Norwegian Radium Hospital, Oslo, Norway.
The Medical Research Council Clinical Trials Unit, Aviation House, 125 Kingsway, London WC2B 6NH, UK.
The Clinical Trials and Statistics Unit, The Institute of Cancer Research, 123 Old Brompton Rd, London SW7 3RP, UK.



Patients with stage I testicular seminoma are typically diagnosed at a young age and treatment is associated with low relapse and mortality rates. The long-term risks of adjuvant radiotherapy in this patient group are therefore particularly relevant.

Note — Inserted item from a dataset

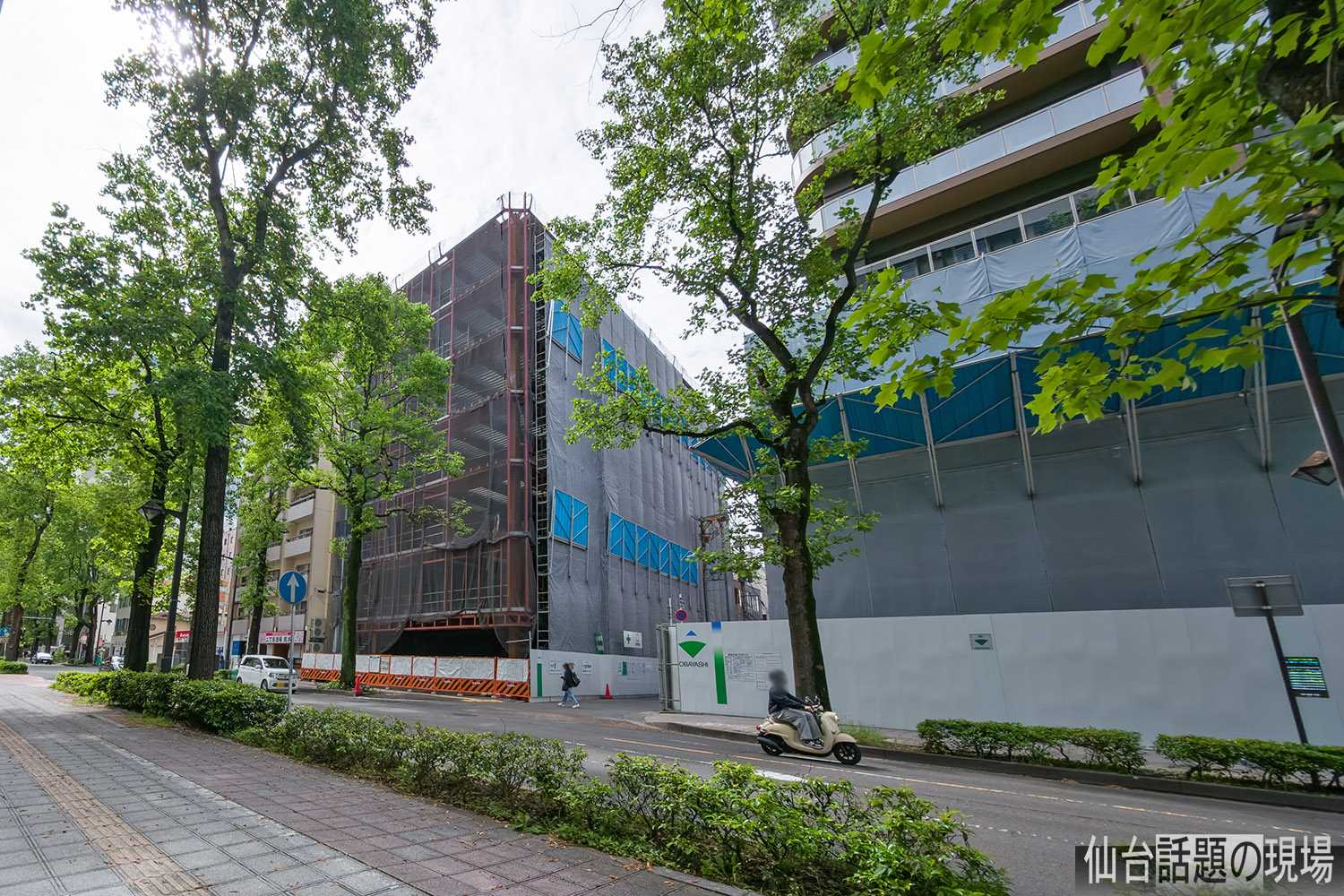 パークホームズ仙台中央の西側でも、新しい建物が組み上がって来ていました。「ニーズトラストビルヂング.S-Ⅱ中央」が解体された跡地で建設中の「(仮称)仙台青葉区PJ」です。

We identified patients and obtained treatment details from 12 cancer centres (11 United Kingdom, 1 Norway) and ascertained second cancers and mortality through national registries. Data from 2629 seminoma patients treated with radiotherapy between 1960 and 1992 were available, contributing 51,151 person-years of follow-up.


Four hundred and sixty-eight second cancers (excluding non-melanoma skin cancers) were identified. The standardised incidence ratio (SIR) was 1.61 (95% confidence interval (CI): 1.47-1.76, P<0.0001). The SIR was 1.53 (95% CI: 1.39-1.68, P<0.0001) when the 32 second testicular cancers were also excluded. This increase was largely due to an excess risk to organs in the radiation field; for pelvic-abdominal sites the SIR was 1.62 (95% CI: 1.43-1.83), with no significant elevated risk of cancers in organs elsewhere. There was no overall increase in mortality with a standardised mortality ratio (SMR) of 1.06 (95% CI: 0.98-1.14), despite an increase in the cancer-specific mortality (excluding testicular cancer deaths) SMR of 1.46 (95% CI: 1.30-1.65, P<0.0001).


The prognosis of stage I seminoma is excellent and it is important to avoid conferring long-term increased risk of iatrogenic disease such as radiation-associated second cancers.